2021-05-06 00:21:08:  >>>>>>>>>>>>>>>>>>>>>>>>>>>>>>>>>>>>>>>>>>>>>>>>>>>>>>>>>>>>>>>>>
2021-05-06 00:21:08:  Exception Details
2021-05-06 00:21:08:  ExtendedSocketException -- Connection refused 10.128.2.4:5056
2021-05-06 00:21:08:  SocketException.SocketErrorCode: ConnectionRefused (10061)
2021-05-06 00:21:08:  SocketException.ErrorCode: 111 (Connection refused)
2021-05-06 00:21:08:  Win32Exception.NativeErrorCode: 111
2021-05-06 00:21:08:  Exception.TargetSite: Void DoConnect(System.Net.EndPoint, System.Net.Internals.SocketAddress)
2021-05-06 00:21:08:  Exception.Data: ( )

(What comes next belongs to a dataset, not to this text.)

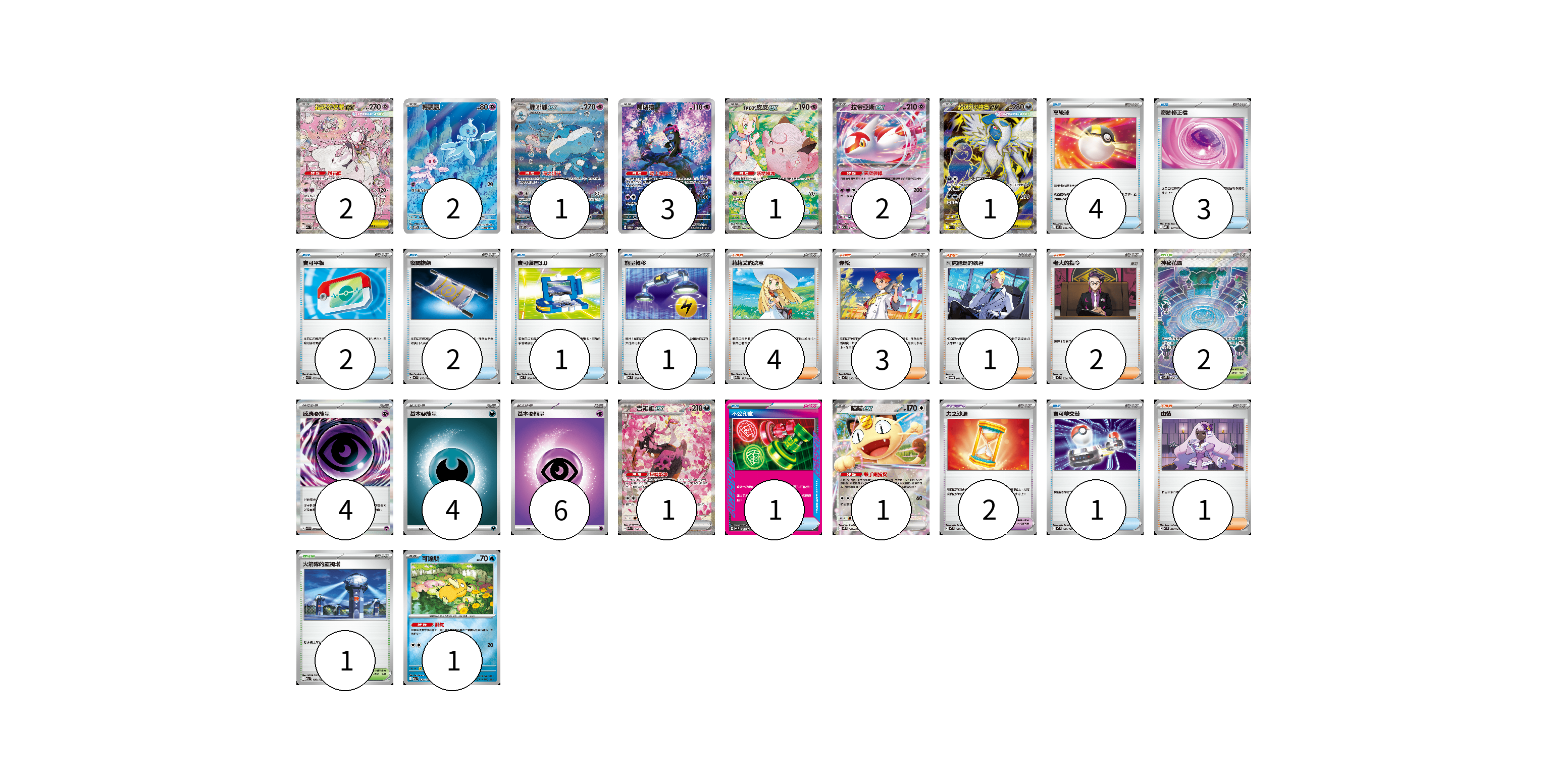 牌組構築方案 以此牌組為基礎新構築牌組 顯示卡面 顯示列表 寶可夢卡(15) 2 2 1 3 1 2 1 1 1 1 寶可夢道具(2) 2 物品卡(15) 4 3 2 2 1 1 1 1 支援者卡(11) 4 3 1 2 1 競技場卡(3) 2 1 能量卡(14) 4 4 6 寶可夢卡(15) 卡牌名稱 張數 卡牌名稱 張數 超級蒂安希ex M2a 238/193 02 輕飄飄 SV11W 124/086 02 胖嘟嘟ex SV11W 170/086 01 願增猿 SV6 107/101 03 莉莉艾的皮皮ex SV9 126/100 01 拉帝亞斯ex M2a 075/193 02 超級阿勃梭魯ex M1L 079/063 01 吉雉雞ex M2a 244/193 01 喵喵ex M3 061/080 01 可達鴨 M2a 032/193 01 寶可夢道具(2) 卡牌名稱 張數 卡牌名稱 張數 力之沙漏 MC 683/742 02 物品卡(15) 卡牌名稱 張數 卡牌名稱 張數 高級球 MC 651/742 04 奇跡修正檔 MBD 017/022 03 寶可平板 M3 070/080 02 夜間擔架 MC 670/742 02 寶可裝置3.0 MC 660/742 01 能量轉移 MC 638/742 01 不公印章 MC 633/742 01 寶可夢交替 MC 663/742 01 支援者卡(11) 卡牌名稱 張數 卡牌名稱 張數 莉莉艾的決意 M2a 175/193 04 赤松 MC 696/742 03 阿克羅瑪的執著 SVOM 017/021 01 老大的指令 MC 724/742 02 由紫 M3 076/080 01 競技場卡(3) 卡牌名稱 張數 卡牌名稱 張數 神秘花園 M1S 086/063 02 火箭隊的監視塔 M2a 189/193 01 能量卡(14) 卡牌名稱 張數 卡牌名稱 張數 感應【超】能量 M3 079/080 04 基本【惡】能量 MC DAR 04 基本【超】能量 MC PSY 06 以此牌組為基礎新構築牌組 牌組編碼 vBMCjg-ktxaEh-lUZKRE copy 列印牌組單 牌組編碼已複製 分享至SNS

2021-05-06 00:21:08:  Exception.Source: System.Net.Sockets
2021-05-06 00:21:08:  Exception.HResult: -2147467259
2021-05-06 00:21:08:    Exception.StackTrace: 
2021-05-06 00:21:08:     at System.Net.Sockets.Socket.DoConnect(EndPoint endPointSnapshot, SocketAddress socketAddress
2021-05-06 00:21:08:     at System.Net.Sockets.Socket.Connect(EndPoint remoteEP
2021-05-06 00:21:08:     at System.Net.Sockets.Socket.Connect(IPAddress address, Int32 port
2021-05-06 00:21:08:     at System.Net.Sockets.TcpClient.Connect(String hostname, Int32 port)

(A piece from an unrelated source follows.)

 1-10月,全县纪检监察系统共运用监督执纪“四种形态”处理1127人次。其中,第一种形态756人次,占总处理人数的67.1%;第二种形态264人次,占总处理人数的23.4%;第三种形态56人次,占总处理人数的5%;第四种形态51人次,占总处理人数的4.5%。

2021-05-06 00:21:08:  --- End of stack trace from previous location where exception was thrown --
2021-05-06 00:21:08:     at System.Net.Sockets.TcpClient.Connect(String hostname, Int32 port
2021-05-06 00:21:08:     at System.Net.Sockets.TcpClient..ctor(String hostname, Int32 port
2021-05-06 00:21:08:     at Deadline.Net.PortForwarder.b(Socket bej)

osiriswrecks · May 6, 2021, 2:22am

I restarted the Infrastructure and the error went away! I think we can count this one as solved.